Re:Whiskey Tango Foxtrot (3, Interesting)

Jeremiah Cornelius (137) | more than 7 years ago | (#20240755)

Well.

Token ring sure used to fail like this! 1 bad station sending 10,000 ring-purge messages a second? Still, it was a truck. Files under 1Mb could be transferred, and this was TR/4, not 16!

Re:Whiskey Tango Foxtrot (1)

spitek (942062) | more than 7 years ago | (#20240883)

Great point about token ring. Was heavly used in these types of situations as well. Don't know about LAX but a lot of the airports have upgraded since then. Anybody get to use Switched 100Mb token ring?? To bad that didn't make it. Could have been cool. The advantages of both switching speed and the preformence under load that token ring has.

Token Ring upgrade (1)

camperdave (969942) | more than 7 years ago | (#20241419)

Perhaps they upgraded their token ring to thinnet.

Re:Whiskey Tango Foxtrot (2, Informative)

sigipickl (595932) | more than 7 years ago | (#20240949)

This totally sounds like a token ring problem.... Either network flooding or dropped packets (tokens). These issues used to be a bear to track down- going from machine to machine in serial from the MAU...

Ethernet and switching has made me fat- I never have to leave my desk to troubleshoot.

Re:Whiskey Tango Foxtrot (1)

spitek (942062) | more than 7 years ago | (#20240767)

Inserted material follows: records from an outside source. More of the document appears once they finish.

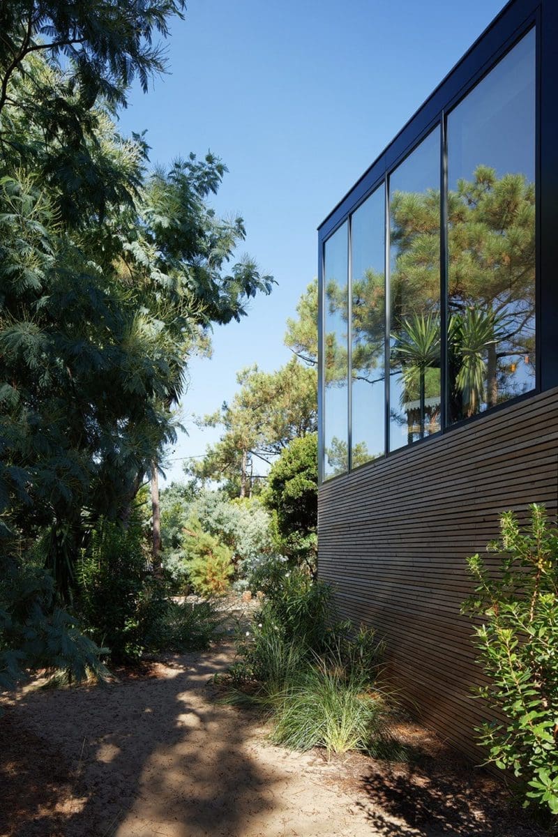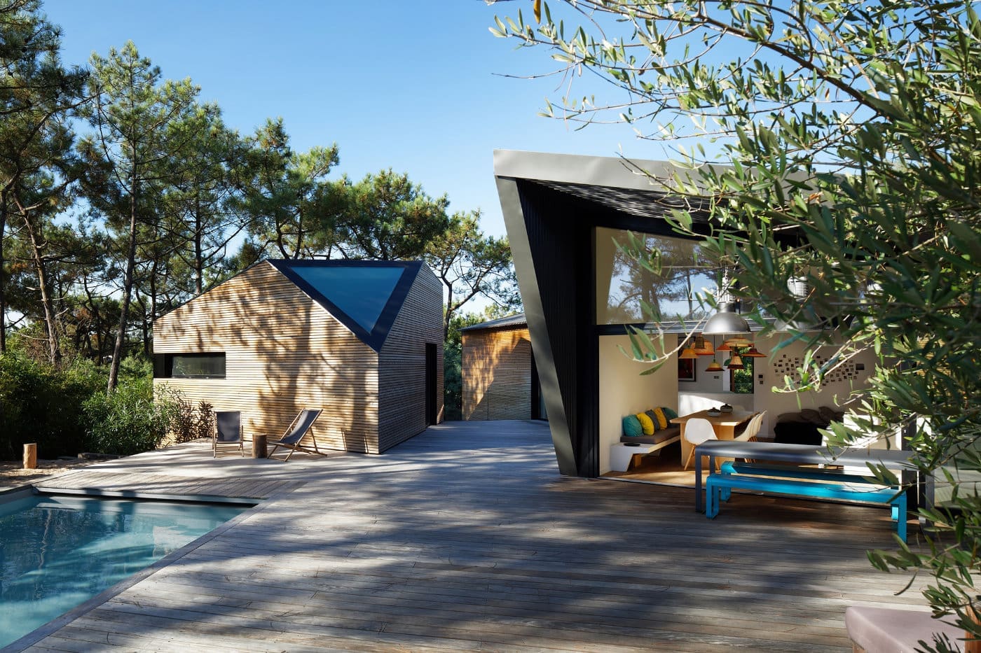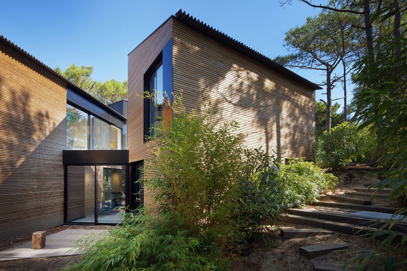 Avec ses façades revêtues de bois, la maison semble tapie dans la pinède.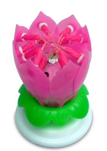 Po dotknięciu czerwonego punktu w środku kwiatu (tlącą się specjalną zapałką dołączoną do opakowania) wystrzeli fontanna iskier, która podpali świeczki.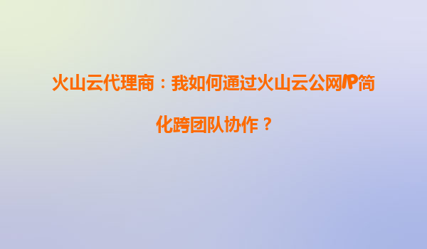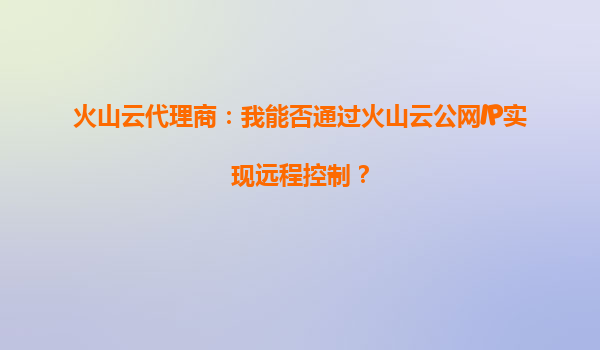 2025-10-06火山云代理商:通過火山云公網(wǎng)IP實(shí)現(xiàn)遠(yuǎn)程控制的可行性及優(yōu)勢解析 一、火山云公網(wǎng)IP的遠(yuǎn)程控制能力 作為火山云代理商,許多用戶關(guān)心的核心問題之一是:能否通過火山云的公網(wǎng)IP實(shí)現(xiàn)遠(yuǎn)程控...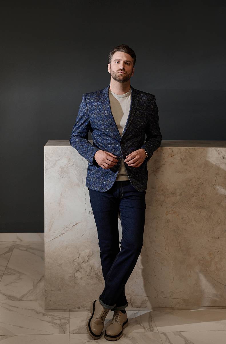 Slim fit, Классический мужской пиджак на две пуговицы, с боковыми и нагрудным карманами, по спинке одна шлица.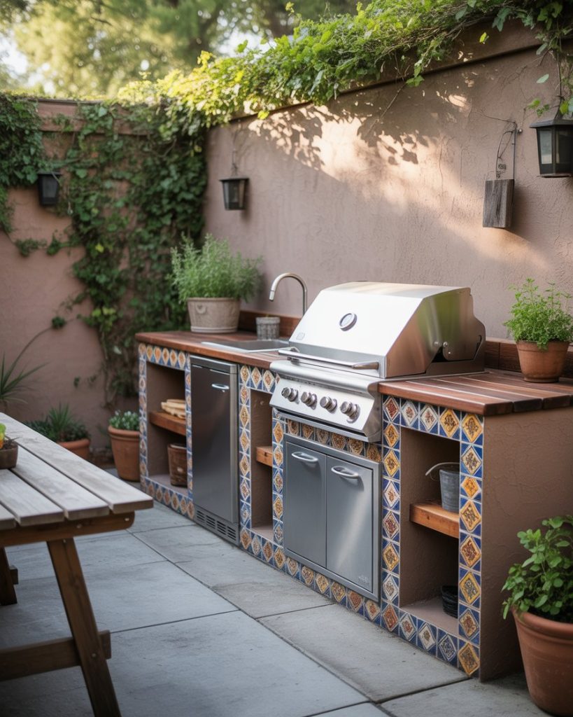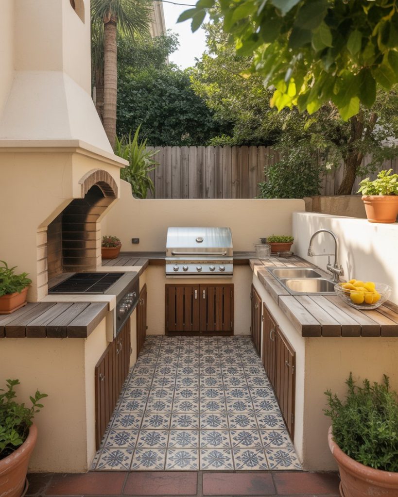 An outdoor kitchen elevates entertaining, especially if your backyards host frequent barbecues or parties. From compact grills for a budget to expansive setups for large spaces, the appeal lies in combining food and atmosphere. Incorporating Spanish style tiles or rustic wood details makes it unique, while simple diy builds are trending for smaller patios. Joanna Gaines often emphasizes blending indoor charm with outdoor functionality in kitchens.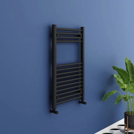 This Toreno Black Heated Towel Rail is designed with luxury in mind and makes a striking addition to your bathroom. The space saving 500mm wide rail is crafted from durable steel with a matt black finish. This ladder radiator will feel indispensable when it’s warming towels ahead of a soothing soak or supercharged shower β it’ll dry them off in a jiffy afterwards too. Supplied with fixing kit, plugs and vents, you’ll have everything you need to install this statement ladder towel radiator in no time at all.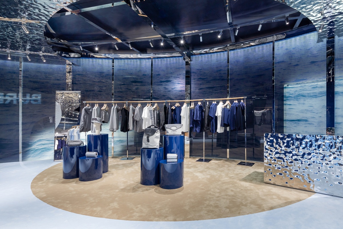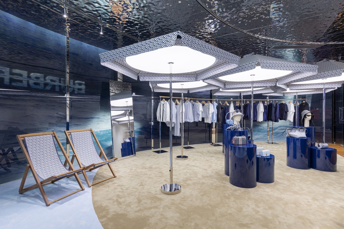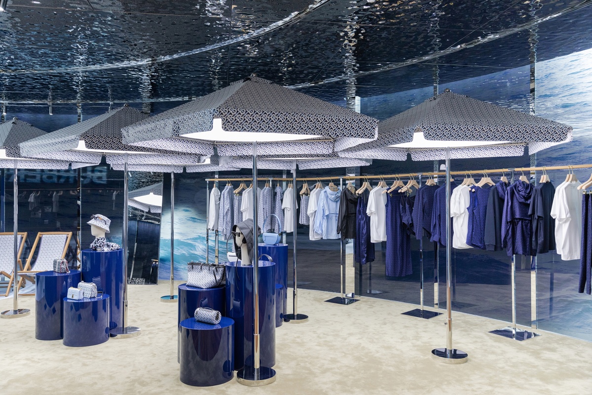 此次“TB”夏季专属标识印花图案以钴蓝色、深皇家蓝和中灰色三款活力夏日配色焕新呈现。在这次沉浸式购物空间之中,阳伞、沙滩椅等海滨装备,服装、包袋及配饰等各式时尚单品,均出现这一印花图案,凸显品牌探索自然的美学理念。

chimps make flat networks.. with hubs.. what are switches and routers? I agree run into this problem several times in my carrer but for real. Bad network design. But hey Ive also worked in wireling closests in airports most of which these days are community run by the airport authority and leased by the airlines or other tennets of the airports. Used to work for an airline. NOT suprised one bit.

Re:Whiskey Tango Foxtrot (1)

morgan_greywolf (835522) | more than 7 years ago | (#20240927)

Ugh. A flat network may be fine for something small, but for something as big and complex as an airport network, especially one at an airport the size of LAX? Unthinkable. Do these people hire idiots with no training or experience or what?

Re:Whiskey Tango Foxtrot (1)

spitek (942062) | more than 7 years ago | (#20241193)

Well, yes, yes and what. Now havent been in the airline business for a few years but there was one network I ran into that had over 2000 seats sitting on a flat network. Now one would hope that LAX in general is not like that. I do not know if how LAX's network is setup. However the government agenecy does have a higher likleyhood to be running in the dark ages. A flacky network card sending out bad packets I have seen. I have seen it cause all sorts of problems. But for it to do the damage it did. Never should have happened. On top of that the response time to find out what the problem was. Sounds like poor network design and yes chimps and idiots. Or it is always possable that there is talent just no money. Sorry for them if that is the case.

Re:Whiskey Tango Foxtrot (2, Insightful)

kylemonger (686302) | more than 7 years ago | (#20241239)

Do these people hire idiots with no training or experience or what?

I think just hiring idiots would be enough. No need to train them.

Re:Whiskey Tango Foxtrot (1)

Kadin2048 (468275) | more than 7 years ago | (#20241281)

Do these people hire idiots with no training or experience or what?
Probably they do to some extent, but if it's like other places I've worked, they probably hire people who have a clue, but then tell them to do little bits and pieces, and never give them enough resources to actually do the job right.

It's a lot of "we'll pay you to come out and install this." They don't want to hear 'well, you should really re-think the architecture of your whole network' as a response. They just want the new piece grafted on, and if you don't do the job, they'll just find somebody who will.

That's how these horrible abortions of big systems / networks happen. They usually don't start off like that. They just grow and evolve without much in the way of a central plan until they finally keel over and die. Nobody wants to spend the time, money, or downtime to tear things down and rebuild them until they actually fail. So they just grow out of control.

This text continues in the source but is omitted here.